##### Extracted information #####

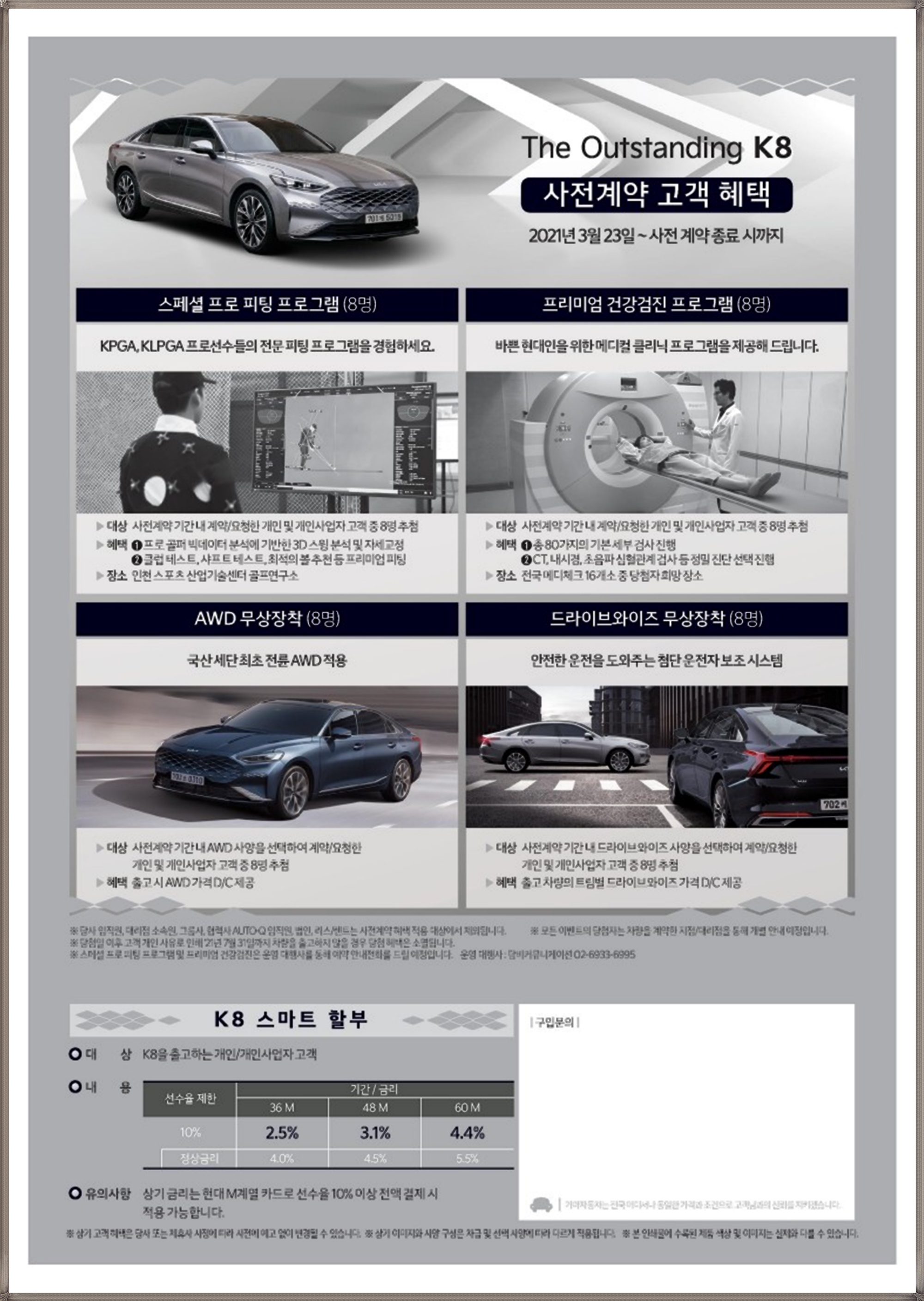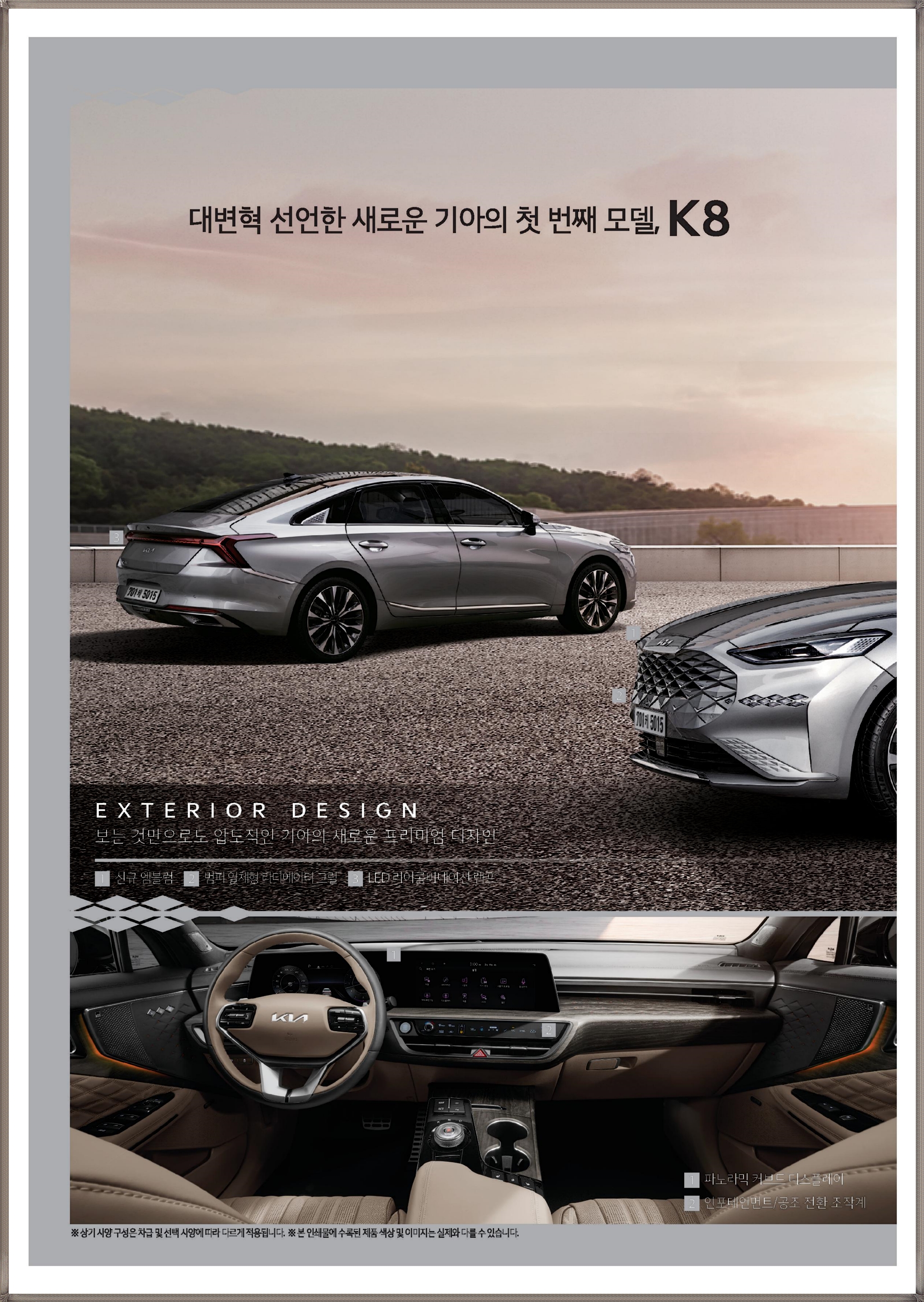 기아 K8은 국내 준대형 세단 최초로 전륜 기반의 AWD를 적용하여 강력한 동력성능을 바탕으로 안정적인 주행 능력과 성숙성 그리고 편안한 승차감으로 준대형 세단의 라이벌 현대자동차 그랜저를 뛰어넘을 준비를 하고 있습니다.
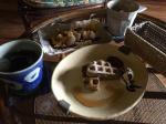 この日は1階にお客様が多かったのですが、たまたま2階は私たち夫婦だけの貸切状態になり、美味しいコーヒー、そば粉のワッフル、黒蜜ときな粉のコンニャクを頂きました。
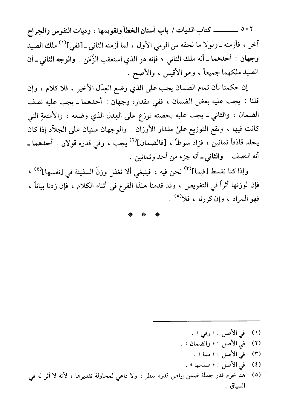 (5) هنا خرم قدر جملة ضمن بياض قدره سطر، ولا داعي لمحاولة تقديرها، لأنه لا أثر له في السياق.
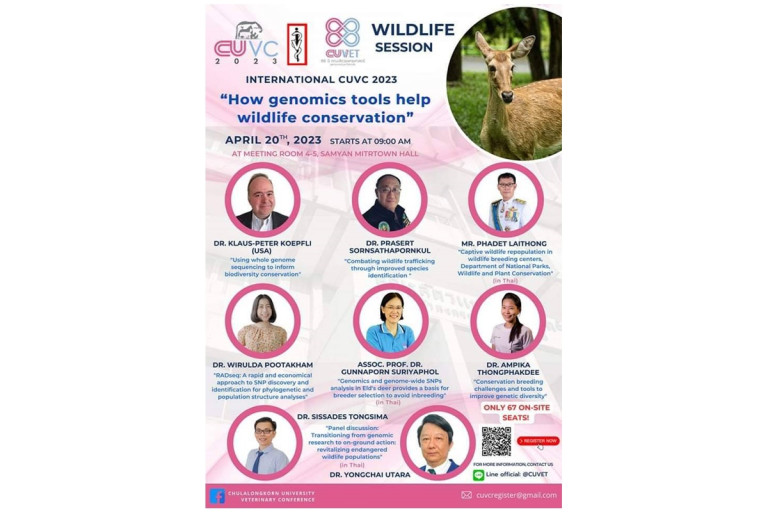 จีโนมิกส์คืออะไร และจะใช้อนุรักษ์สัตว์ป่าได้อย่างไร ขอเชิญทุกท่านเข้ามารับฟังและร่วมกันหาทางแก้ไขปัญหาการผสมเลือดชิดเพื่อให้สัตว์ป่าหายากบนโลกของเรามีพันธุกรรมที่บริสุทธิ์ถูกต้องตามชนิด/สายพันธุ์ และหลุดพ้นจากภาวะคุกคามเนื่องจากการผสมเลือดชิดอย่างยั่งยืนต่อไป
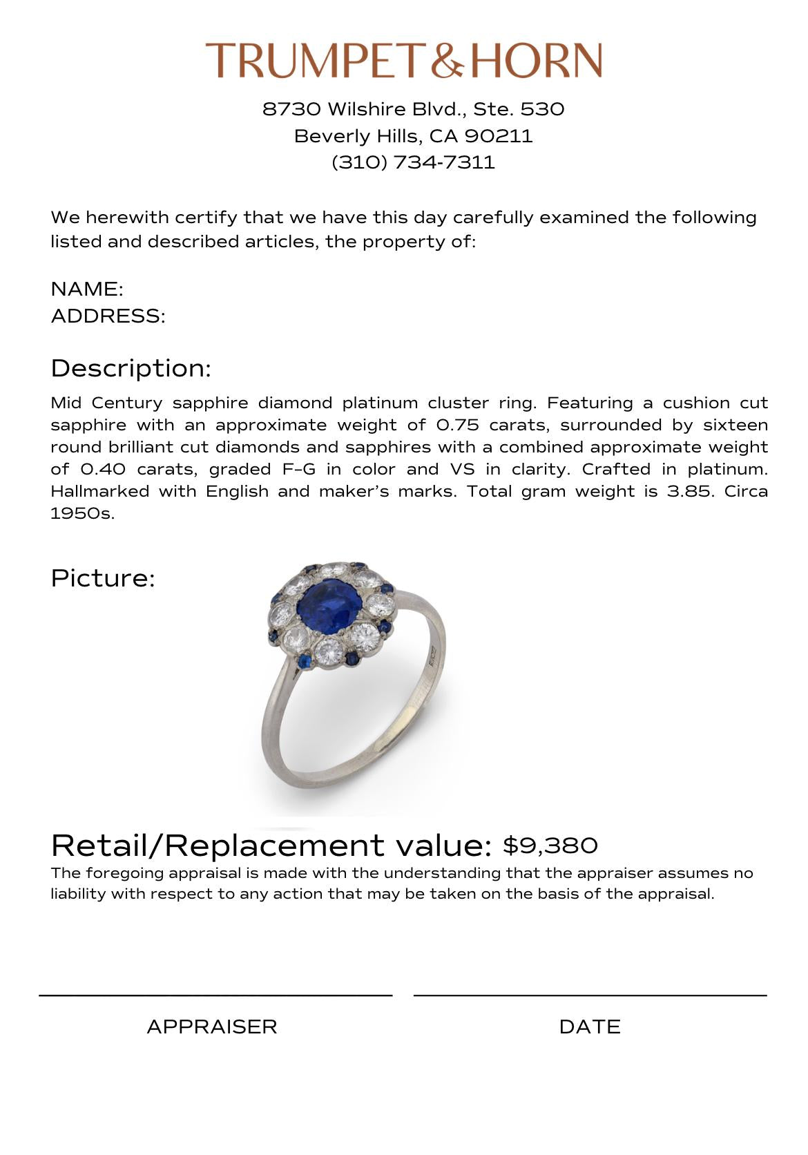 This refined Mid Century cluster ring captures the balanced elegance and confident design language of the 1950s. At its center rests a cushion cut sapphire, softly contoured and rich in presence, anchoring the composition with understated color and depth. Encircling the center stone, a harmonious arrangement of round brilliant cut diamonds and sapphires creates a luminous halo that enhances both brilliance and contrast.
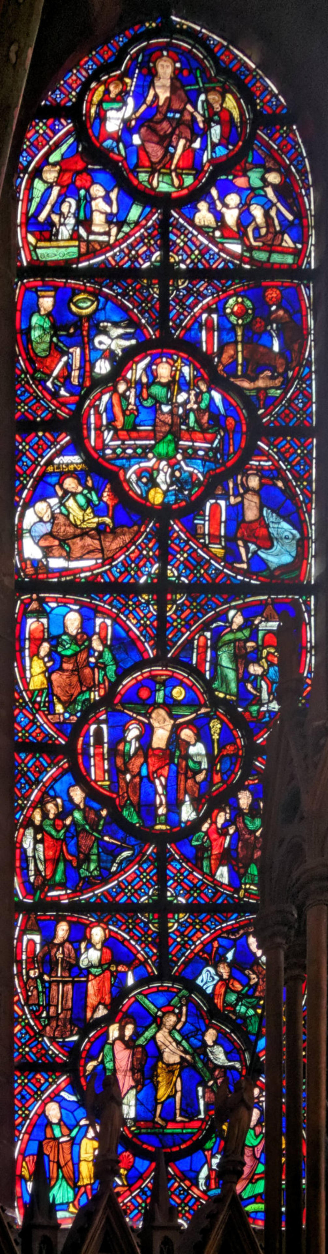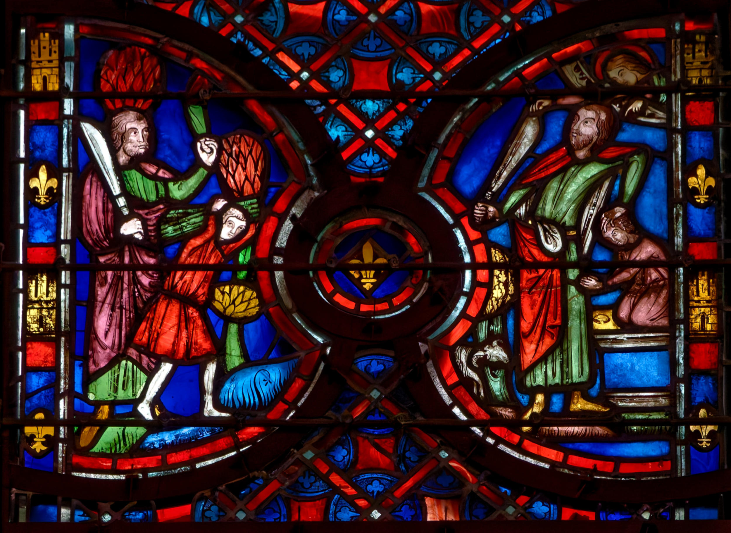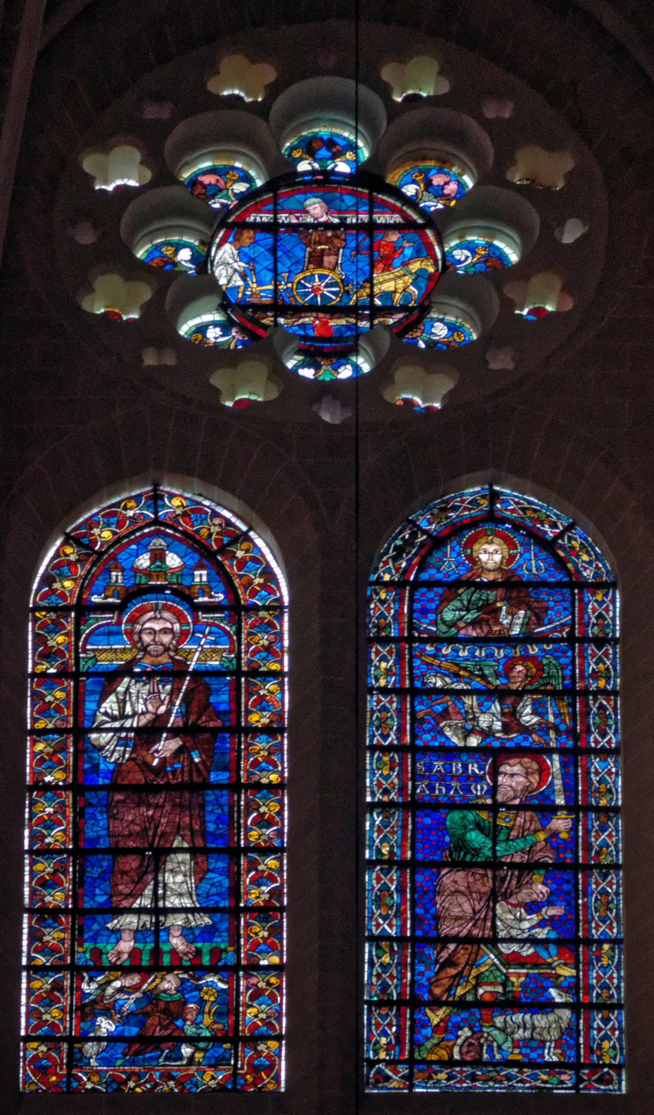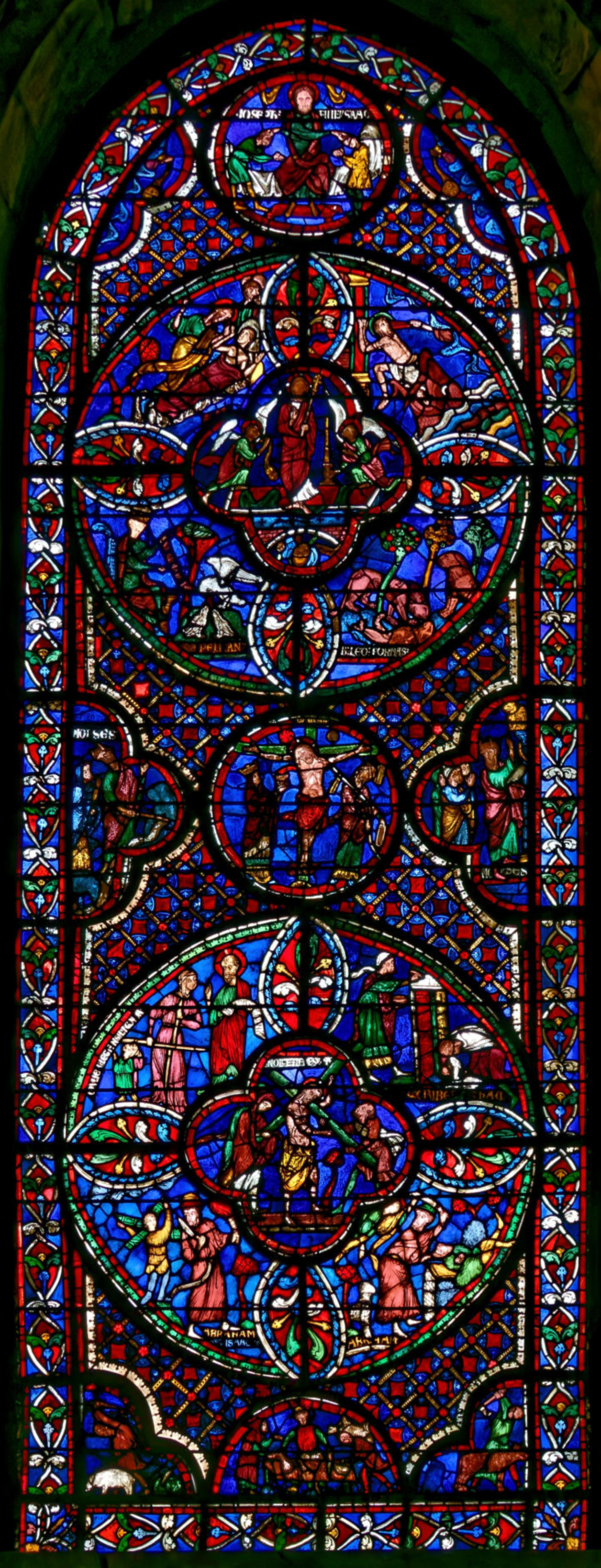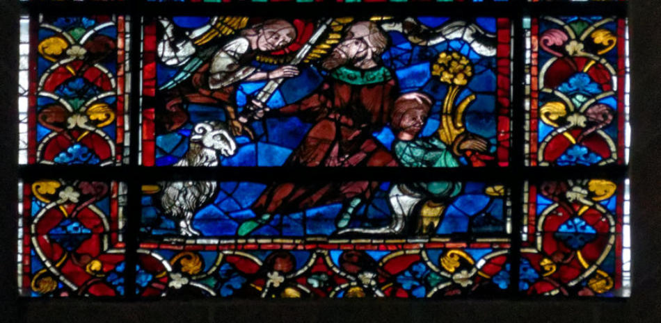 1205-1215 Chartres Cathédrale Notre-DameBaie 1312 lancettes En soubassement du Christ bénissant la croix, l’ange empêche Abraham de sacrifier Isaac (avec un bouc sur la scène) et sur l’autre lancette, la scène est répétée en grand

#####

• Your objective: With the pictures removed, set down the entire listing exactly.

• Response to the exercise:
 기아 K8은 국내 준대형 세단 최초로 전륜 기반의 AWD를 적용하여 강력한 동력성능을 바탕으로 안정적인 주행 능력과 성숙성 그리고 편안한 승차감으로 준대형 세단의 라이벌 현대자동차 그랜저를 뛰어넘을 준비를 하고 있습니다.
 この日は1階にお客様が多かったのですが、たまたま2階は私たち夫婦だけの貸切状態になり、美味しいコーヒー、そば粉のワッフル、黒蜜ときな粉のコンニャクを頂きました。
 (5) هنا خرم قدر جملة ضمن بياض قدره سطر، ولا داعي لمحاولة تقديرها، لأنه لا أثر له في السياق.
 จีโนมิกส์คืออะไร และจะใช้อนุรักษ์สัตว์ป่าได้อย่างไร ขอเชิญทุกท่านเข้ามารับฟังและร่วมกันหาทางแก้ไขปัญหาการผสมเลือดชิดเพื่อให้สัตว์ป่าหายากบนโลกของเรามีพันธุกรรมที่บริสุทธิ์ถูกต้องตามชนิด/สายพันธุ์ และหลุดพ้นจากภาวะคุกคามเนื่องจากการผสมเลือดชิดอย่างยั่งยืนต่อไป
 This refined Mid Century cluster ring captures the balanced elegance and confident design language of the 1950s. At its center rests a cushion cut sapphire, softly contoured and rich in presence, anchoring the composition with understated color and depth. Encircling the center stone, a harmonious arrangement of round brilliant cut diamonds and sapphires creates a luminous halo that enhances both brilliance and contrast.
 1205-1215 Chartres Cathédrale Notre-DameBaie 1312 lancettes En soubassement du Christ bénissant la croix, l’ange empêche Abraham de sacrifier Isaac (avec un bouc sur la scène) et sur l’autre lancette, la scène est répétée en grand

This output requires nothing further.